Thanks be to God, Amen.
 Knisely, Nicholas. “Transfiguration, not Transformation” from Entangled States. 2013. https://entangledstates.org/2013/08/06/transfiguration-not-transformation/
 Gregg Carl. “Practicing Transformation” from Patheos. 2011. https://www.patheos.com/blogs/carlgregg/2011/02/lectionary-commentary-practicing-transfiguration-for-march-6-2011/
 Williamson, Marianne. A Return to Love. HarperCollins, 1996.
Then Jesus told his disciples, ‘If any want to become my followers, let them deny themselves and take up their cross and follow me. For those who want to save their life will lose it, and those who lose their life for my sake will find it. For what will it profit them if they gain the whole world but forfeit their life? Or what will they give in return for their life?

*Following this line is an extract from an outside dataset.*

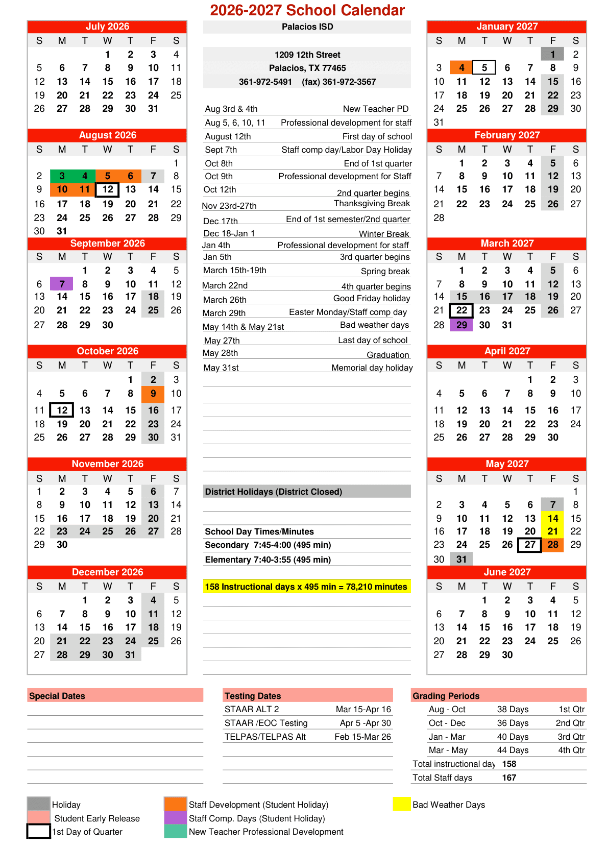 Dates are sourced from the official Palacios ISD 26-27 Calendar Revised [PDF] website. Dates may change at the discretion of the district. Always verify with the official school website for the latest updates.

‘For the Son of Man is to come with his angels in the glory of his Father, and then he will repay everyone for what has been done. Truly I tell you, there are some standing here who will not taste death before they see the Son of Man coming in his kingdom.’
Six days later, Jesus took with him Peter and James and his brother John and led them up a high mountain, by themselves. And he was transfigured before them, and his face shone like the sun, and his clothes became dazzling white. Suddenly there appeared to them Moses and Elijah, talking with him. Then Peter said to Jesus, ‘Lord, it is good for us to be here; if you wish, I will make three dwellings here, one for you, one for Moses, and one for Elijah.’ While he was still speaking, suddenly a bright cloud overshadowed them, and from the cloud a voice said, ‘This is my Son, the Beloved; with him I am well pleased; listen to him!’ When the disciples heard this, they fell to the ground and were overcome by fear. But Jesus came and touched them, saying, ‘Get up and do not be afraid.’ And when they looked up, they saw no one except Jesus himself alone.